A Voice of Baltimore Feature, an excerpt from
ROOBY TAWR, a novel in progress
set in mid-20th Century Charm City
By Joel Foreman
During the early years of WWII, Reuben Michael winced whenever Deuteronomy Graves reminded him with a self-satisfied laugh that the Ruby Tire Company was “in the money.”
With Bethlehem Steel building Liberty Ships at its Fair- field Yard and B-26 bombers coming off the production line at Glenn L. Martin’s Middle River plant, Baltimore was booming.
Just as Lee Conklin over at Erdman Tire had predicted, “Once the Japs take Malaysia and cut off the rubber supply, boys like you and me who know a thing or two about used tires are gonna make so much goddamn money we won’t know what to do with it.”
The Ruby Tire Company, now in business since 1935, was riding that wave.
But Ruby felt guilty about the $4,000 that had quickly accumulated — with more coming — in his Baltimore Federal S & L account.
It seemed unjust. How could he, his wife Hanna, and their two-year-old Edgar be living so well while so many were suffering? The wounded, the dead, and the dying haunted his imagination.

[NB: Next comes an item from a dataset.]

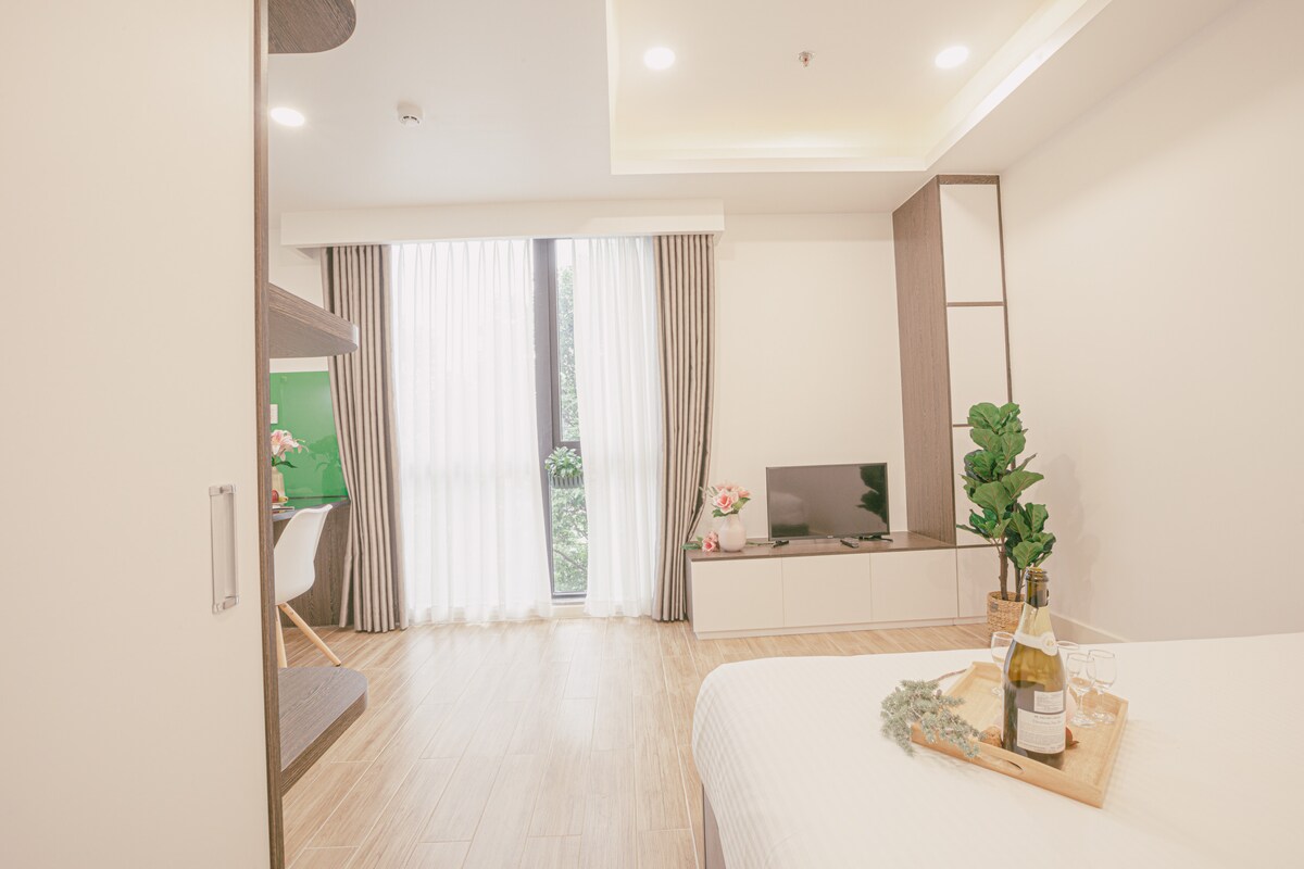 40-sqm ENTIRE STUDIO with WC & Kitchenette Modern Japanese Compact Studio featuring SAIGON's Coolest CIRCULAR WINDOWS. ---- + En-suite WC Modern, Clean and Spacious + Kitchenette with mini fridge, induction hob, kettle for food storage & heat-up. + Bedroom with TV and work desk. + Living room with cute circular windows Located in a friendly, safe, chic neighborhood of District 1. Easy access to all parts of the city. FREE WIFI. CLEANING TWICE PER WEEK

Although he had served in the military for a year at the end of World War I, he spent his tour of duty at the Great Lakes Naval Training Station, located midway between Chicago and Milwaukee.
Ruby never saw a dead body with half a face or a shattered bone protruding from a thigh. Never saw a gunner bail out of a smoldering tank and shoot himself in the head rather than burn to death. Never crapped in his pants during an artillery bombardment.
Lacking any direct exposure to such horrors, all Ruby’s imagination had to work with were black and white newspaper photographs, newsreels “sanitized” by the Pentagon, and scenes from Hollywood movies. Scenes like the one in “Gone with the Wind” where Scarlett O’Hara stands amidst a bleeding mass of Confederate casualties littering the grounds of the Atlanta railroad depot.
Like Scarlett, Ruby was at a loss about what he could do for the war effort. And he felt guilty about it.